Re: [SQL] must appear in the GROUP BY clause or be used in an aggregate function problem

2012-01-31 Thread Edward W. Rouse
Yeah, that's what I did. No more group by, the MAX is in a subquery. One of
the reasons I hate coming behind someone else and updating their stuff is
that too many people try to get cute with the code. I try to make everything
as plain and simple as possible unless performance issues require otherwise.
My code is boring, but easy to understand and maintain ;)

 

From: pgsql-sql-ow...@postgresql.org [mailto:pgsql-sql-ow...@postgresql.org]
On Behalf Of Samuel Gendler
Sent: Tuesday, January 31, 2012 4:52 PM
To: Edward W. Rouse
Cc: pgsql-sql@postgresql.org
Subject: Re: [SQL] must appear in the GROUP BY clause or be used in an
aggregate function problem

 

 

On Tue, Jan 31, 2012 at 1:43 PM, Edward W. Rouse 
wrote:

NM, I figured it out. The mere presence of an aggregate function and/or the
group by clause is what's causing all the hate for me. I will take a whack
at getting this to work without them. Thanks all.

 

All columns that are not in an aggregate function MUST be in the group by
clause if there is any column in an aggregate function.  If you can get rid
of all aggregation, then you won't have to have the group by, either.  You
could use a correlated subquery to get the most recent report date, rather
than using max.  That would allow you to ditch all of the other aggregation,
I suspect.  But unless there is any chance of different versions of the name
fields for a given id, then it is harmless to drop the MAX() function call
and add them to the group by clause.  You get the same effect.

 

 

 

 

From: pgsql-sql-ow...@postgresql.org [mailto:pgsql-sql-ow...@postgresql.org]
On Behalf Of Edward W. Rouse
Sent: Tuesday, January 31, 2012 4:27 PM
To: 'Samuel Gendler'


Cc: pgsql-sql@postgresql.org
Subject: Re: [SQL] must appear in the GROUP BY clause or be used in an
aggregate function problem

 

I would love to remove most of the aggregate functions. I am trying to
update an existing query to provide better data and started with the
existing one (which is where the MAX for the names came from). I originally
tried to remove those, but I get the group by/aggregate function error if I
do. I guess I don't understand enough to know why these are being forced
into that category. I have written queries in the past that had several
columns that were not considered requiring aggregation. Can someone
enlighten me on why these are being marked as requiring group/aggregation. 

 

Something with the way the table are joined perhaps? Can I remove the joins
and put the a.id = c.id in the where clause and get rid of this?

 

From: pgsql-sql-ow...@postgresql.org [mailto:pgsql-sql-ow...@postgresql.org]
On Behalf Of Samuel Gendler
Sent: Tuesday, January 31, 2012 3:57 PM
To: Edward W. Rouse
Cc: pgsql-sql@postgresql.org
Subject: Re: [SQL] must appear in the GROUP BY clause or be used in an
aggregate function problem

 

On Tue, Jan 31, 2012 at 12:27 PM, Edward W. Rouse 
wrote:

And in most cases this works fine. The problem arises when invoices get
added to the exception table due to their not being an invoice number. Even
though we join on the tracking id, the group by on invoicenum lumps the
different blank invoices into a single line, if the same user has more than
1. What we want is for each of the individual blank invoicenum entries to
have a separate line in the result. If I remove b.invoicenum from the group
by then I get the error in the subject line. If I try to use an aggregate
function (like I used MAX on the names) it's even worse. MAX works on the
names because they are all the same. MAX on the date doesn't seem to effect
the results that I can see other than if an invoice went into exception more
than once, and in that case we only want the latest one anyway.

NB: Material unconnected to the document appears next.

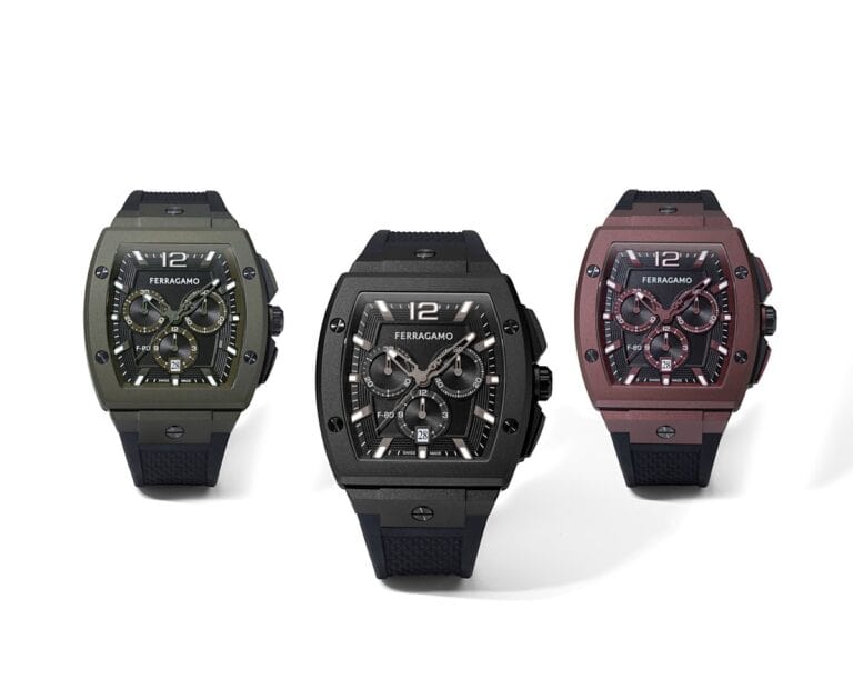 Ferragamo sceglie una gamma cromatica di toni intensi — nero, verde e bordeaux — che rafforza l’identità del modello e ne definisce il taglio contemporaneo. Sul piano funzionale, indici e lancette luminescenti garantiscono una lettura chiara anche quando l’illuminazione cala, mantenendo l’orologio pratico nell’uso quotidiano.

Any hints as to how to get this to not lump all of the empty invoicenums for
a user into a single line? And I have mentioned putting in a dummy value
like the date for an invoicenum, but that works as well as I expected it
would (not at all).

 

It seems like the use of the aggregation functions in your example aren't
absolutely necessary - though perhaps the date one is.  Best solution would
be to get rid of the aggregate columns so that you don't have this issue.

 

If that isn't possible, there are definitely some kludges you can use to get
it to work if you really don't want to union 2 queries together - one with
and one without valid invoice ids. Assuming invoice ids are generated via a
sequence, you can do the following to guarantee a unique 'id' for each empty
invoice - at the expense of incrementing your sequence unnecessarily:

 

COALESCE(invoiceid, nextval(invoiceid_sequence))

 

A better version of that kludge would be to create a sequence just for this
purpose and set it to a very negative number.  All of your generated fake
ids will then be negative numbers (so easily identified by whatever is
consuming the query results) and you can reset the sequence back to the most
negative possible value whenever you get concerned about running

Fw: Re: [SQL] pg_dump not correctly saving schema with partitioned tables?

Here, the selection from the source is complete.